━━━━━ AVAILABLE RECORDS ━━━━━

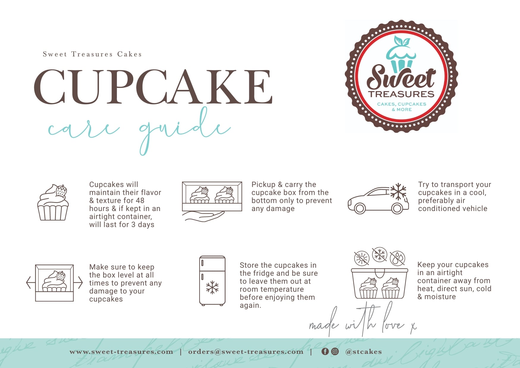 It is important to serve cupcakes at room temperature if they were placed in the refrigerator. We bake our cupcakes fresh every morning, and we recommend that you enjoy them on the day that you purchase them. To preserve freshness, place in an airtight container and refrigerate for up to 3 days.
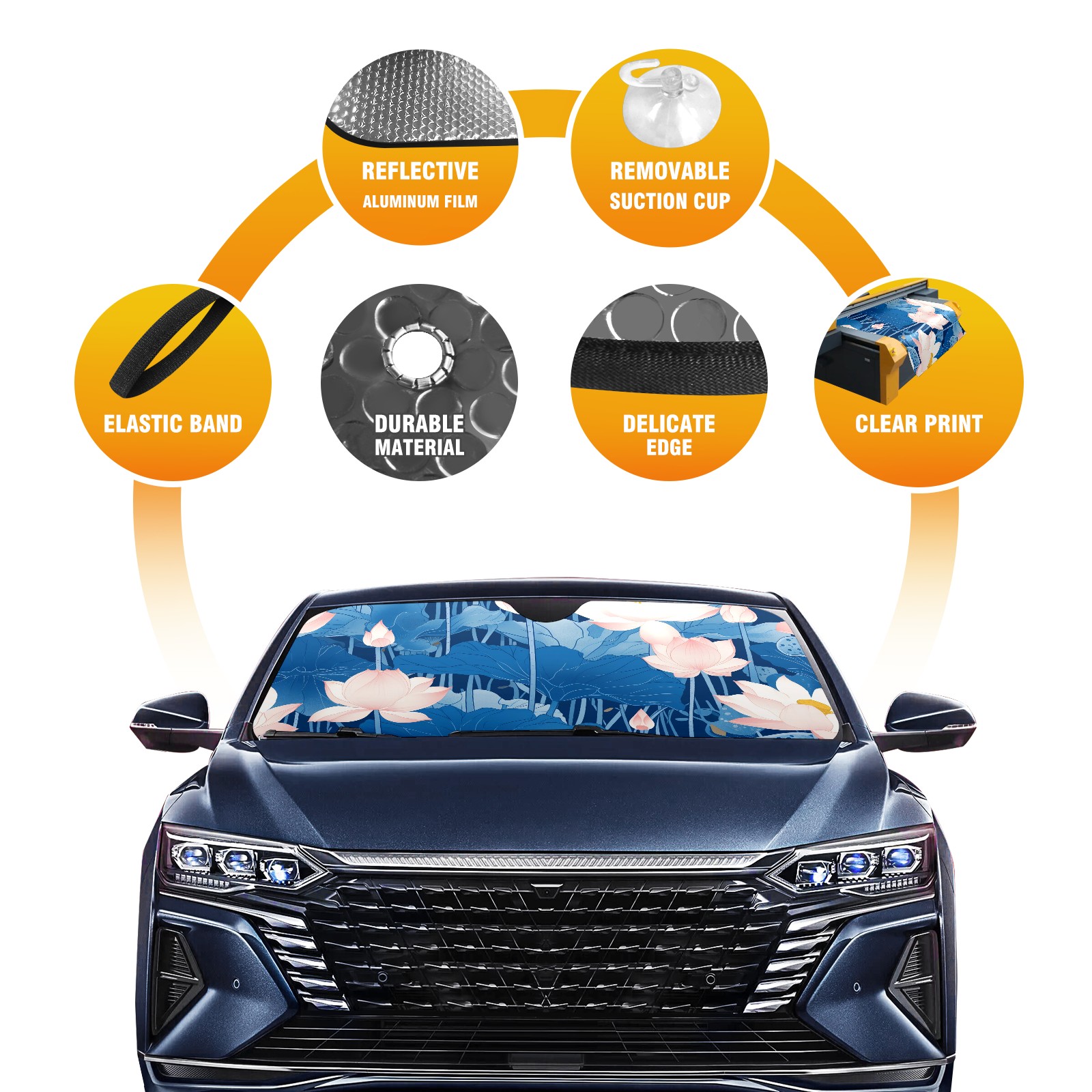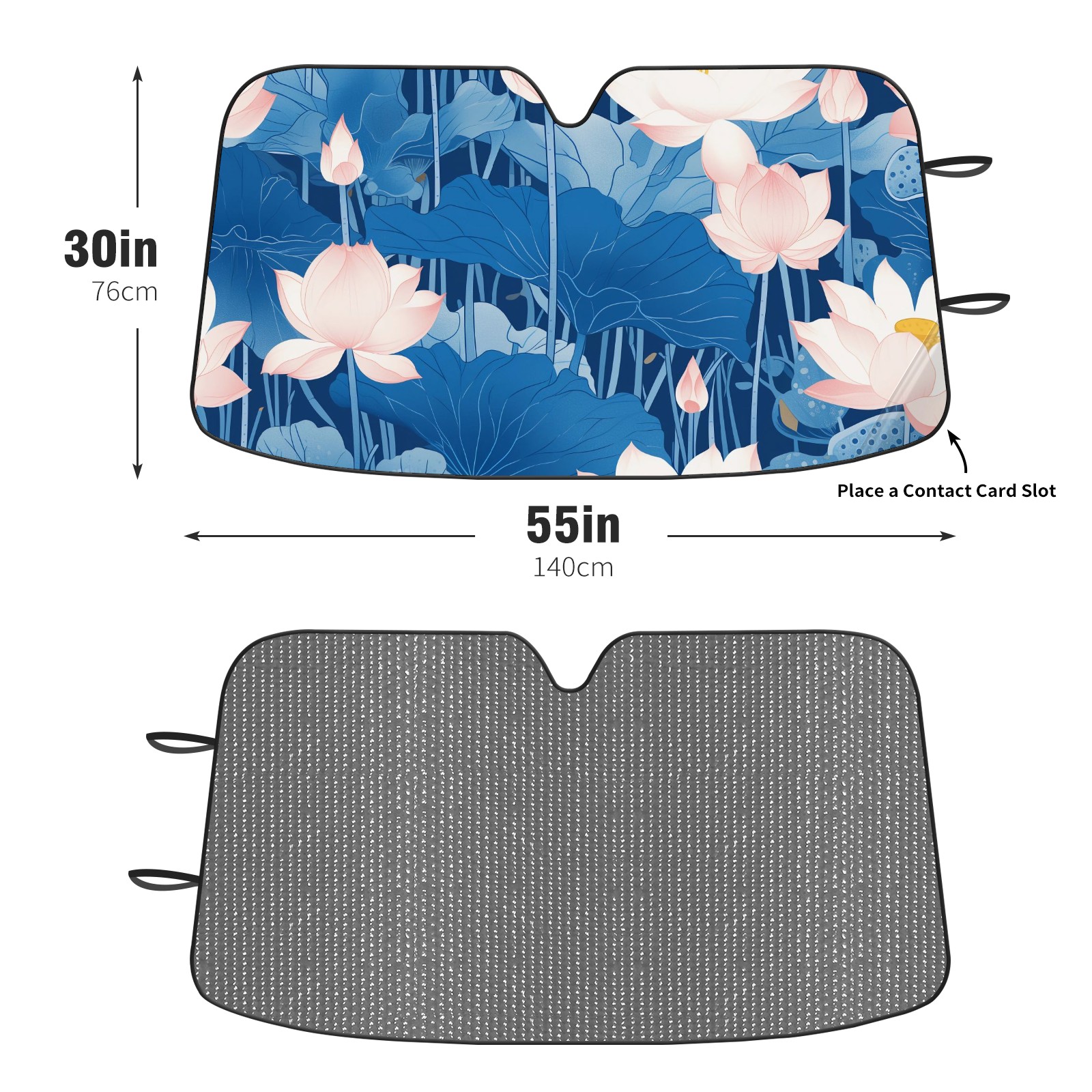 Car Windshield Sun Shade for Front Window Blue Lotus Flower Foldable Vehicle Windshield Car Sun Visor Covers Automotive Window Protector Car Camping Privacy Sun Blocker
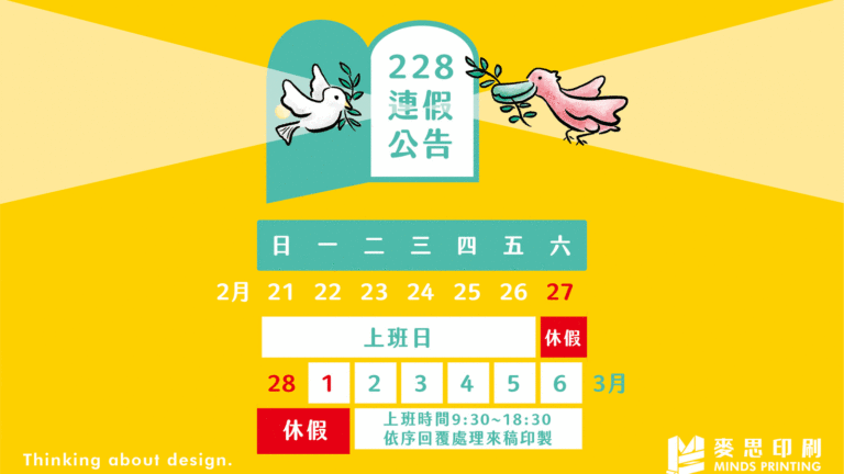 3 月302021 服務公告 【清明節】連假公告 服務公告2021 年 3 月 30 日 ? 4/2(五) 至 4/5(一) 麥思印刷全體放假 我們 4/6(二) 見? 【連假期間】 ❌&hell… Read more
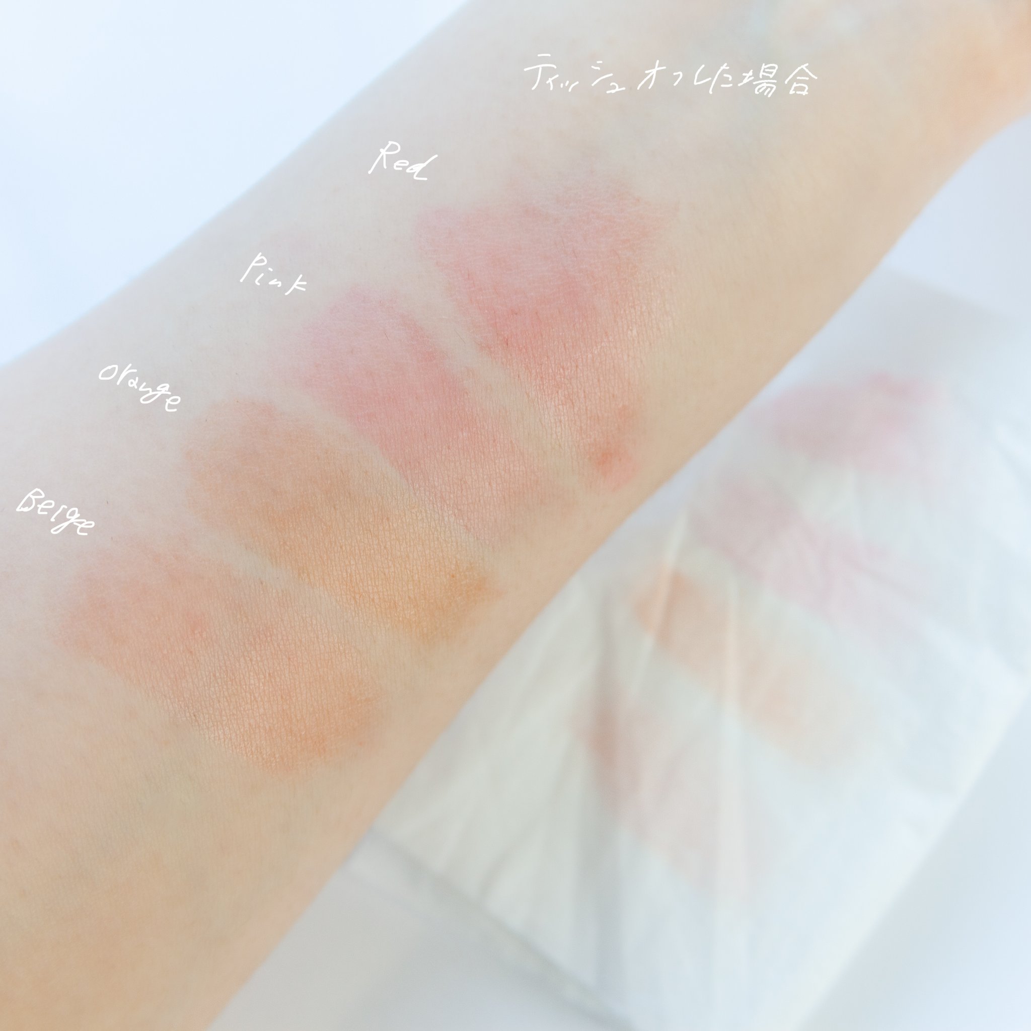 - <ピンク> スクワラン、トリ(カプリル酸/カプリン酸)グリセリル、パラフィン、水添ポリイソブテン、リンゴ酸ジイソステアリル、メトキシケイヒ酸エチルヘキシル、ビスジグリセリルポリアシルアジペート-2、トリポリヒドロキシステアリン酸ジペンタエリスリチル、ワセリン、シア脂、ポリエチレン、水添野菜油、アボカド油、トリイソステアリン酸ポリグリセリル-2、マイクロクリスタリンワックス、t-ブチルメトキシジベンゾイルメタン、オリーブ果実油、(VP/エイコセン)コポリマー、酸化チタン、ペンチレングリコール、黄4、赤202、赤201、マイカ、赤218、ホホバ種子油、アルガニアスピノサ核油、水酸化Al、酸化スズ <ブラウン> スクワラン、トリ(カプリル酸/カプリン酸)グリセリル、パラフィン、水添ポリイソブテン、メトキシケイヒ酸エチルヘキシル、リンゴ酸ジイソステアリル、ビスジグリセリルポリアシルアジペート-2、トリポリヒドロキシステアリン酸ジペンタエリスリチル、ワセリン、シア脂、ポリエチレン、水添野菜油、アボカド油、トリイソステアリン酸ポリグリセリル-2、マイクロクリスタリンワックス、t-ブチルメトキシジベンゾイルメタン、酸化鉄、(VP/エイコセン)コポリマー、オリーブ果実油、青1、ペンチレングリコール、酸化チタン、マイカ、赤223、ホホバ種子油、アルガニアスピノサ核油、酸化スズ <ベージュ> スクワラン、トリ(カプリル酸/カプリン酸)グリセリル、パラフィン、水添ポリイソブテン、リンゴ酸ジイソステアリル、メトキシケイヒ酸エチルヘキシル、ビスジグリセリルポリアシルアジペート-2、トリポリヒドロキシステアリン酸ジペンタエリスリチル、ワセリン、シア脂、ポリエチレン、水添野菜油、アボカド油、トリイソステアリン酸ポリグリセリル-2、マイクロクリスタリンワックス、t-ブチルメトキシジベンゾイルメタン、酸化チタン、酸化鉄、(VP/エイコセン)コポリマー、オリーブ果実油、ペンチレングリコール、マイカ、黄4、赤202、酸化スズ、水酸化Al、赤223、ホホバ種子油、アルガニアスピノサ核油 <レッド> スクワラン、トリ(カプリル酸/カプリン酸)グリセリル、パラフィン、水添ポリイソブテン、リンゴ酸ジイソステアリル、メトキシケイヒ酸エチルヘキシル、ビスジグリセリルポリアシルアジペート-2、トリポリヒドロキシステアリン酸ジペンタエリスリチル、ワセリン、シア脂、ポリエチレン、水添野菜油、アボカド油、トリイソステアリン酸ポリグリセリル-2、マイクロクリスタリンワックス、t-ブチルメトキシジベンゾイルメタン、(VP/エイコセン)コポリマー、オリーブ果実油、酸化チタン、ペンチレングリコール、黄4、赤201、マイカ、赤202、酸化スズ、赤218、ホホバ種子油、アルガニアスピノサ核油 <オレンジ> スクワラン、トリ(カプリル酸/カプリン酸)グリセリル、パラフィン、水添ポリイソブテン、リンゴ酸ジイソステアリル、メトキシケイヒ酸エチルヘキシル、ビスジグリセリルポリアシルアジペート-2、トリポリヒドロキシステアリン酸ジペンタエリスリチル、ワセリン、シア脂、ポリエチレン、水添野菜油、アボカド油、トリイソステアリン酸ポリグリセリル-2、マイクロクリスタリンワックス、t-ブチルメトキシジベンゾイルメタン、酸化鉄、(VP/エイコセン)コポリマー、オリーブ果実油、ペンチレングリコール、黄4、酸化チタン、マイカ、赤223、ホホバ種子油、アルガニアスピノサ核油、酸化スズ
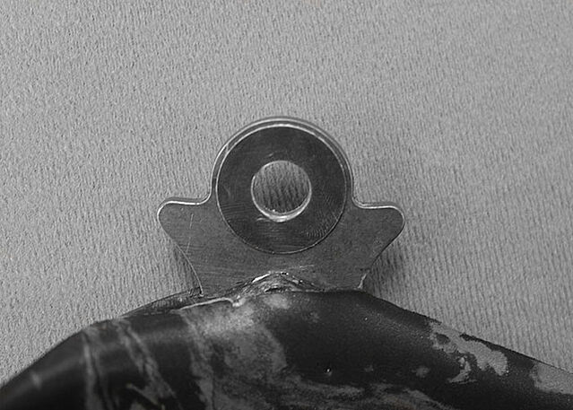 If the sliding bushing fell out in the previous steps, grease it slightly and place it into the bore at the system stirrup again.
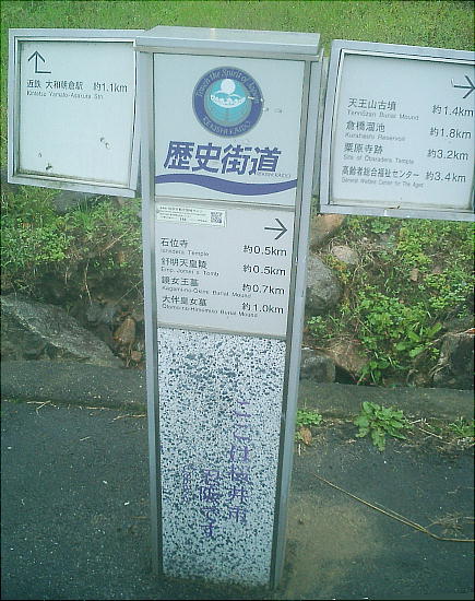 「忍阪」バス停の傍に、石位寺方面の標識が立っている。標識に従って集落に入って行くと、集落を横切る旧街道ぶつかる。石位寺へ行
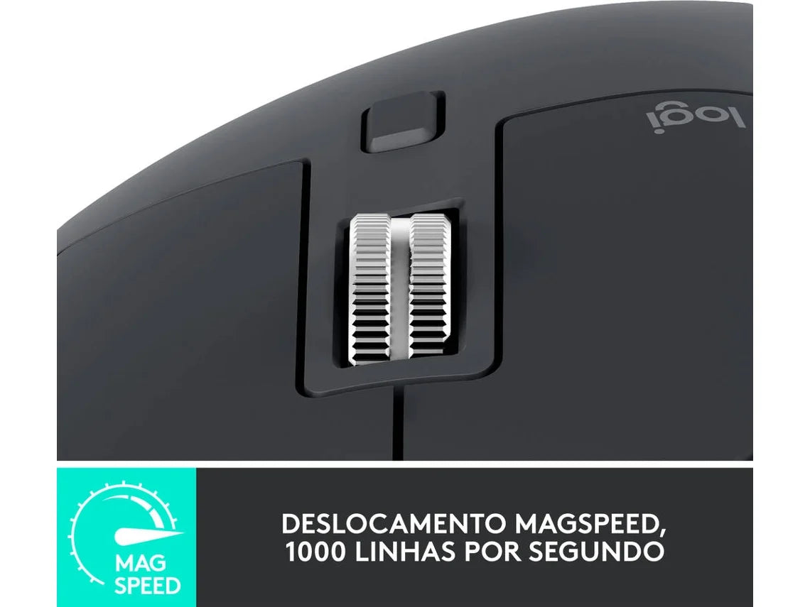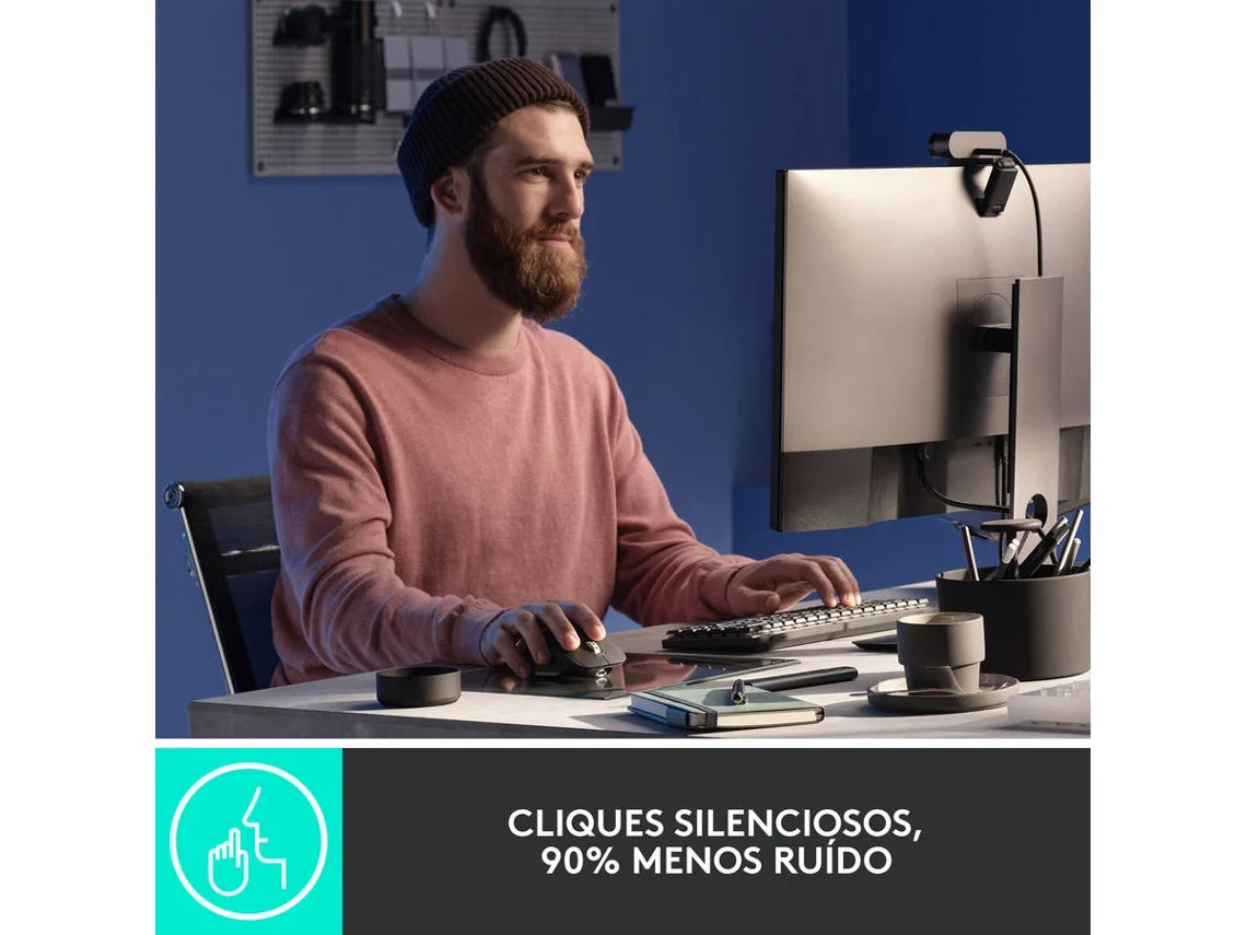 Os botões de clique silencioso oferecem uma agradável sensação táctil com 90% menos ruído de clique. O MX Master 3S inclui agora também um sensor óptico de 8K para a máxima resposta em qualquer superfície, até mesmo em vidro.

━━━━━

TASK DIRECTIONS — Word for word, give again the lines from the first entry to the line with "3 月302021 服務公告", inclusive. Exclude the pictures.

EXERCISE RESULT —
 It is important to serve cupcakes at room temperature if they were placed in the refrigerator. We bake our cupcakes fresh every morning, and we recommend that you enjoy them on the day that you purchase them. To preserve freshness, place in an airtight container and refrigerate for up to 3 days.
 Car Windshield Sun Shade for Front Window Blue Lotus Flower Foldable Vehicle Windshield Car Sun Visor Covers Automotive Window Protector Car Camping Privacy Sun Blocker
 3 月302021 服務公告 【清明節】連假公告 服務公告2021 年 3 月 30 日 ? 4/2(五) 至 4/5(一) 麥思印刷全體放假 我們 4/6(二) 見? 【連假期間】 ❌&hell… Read more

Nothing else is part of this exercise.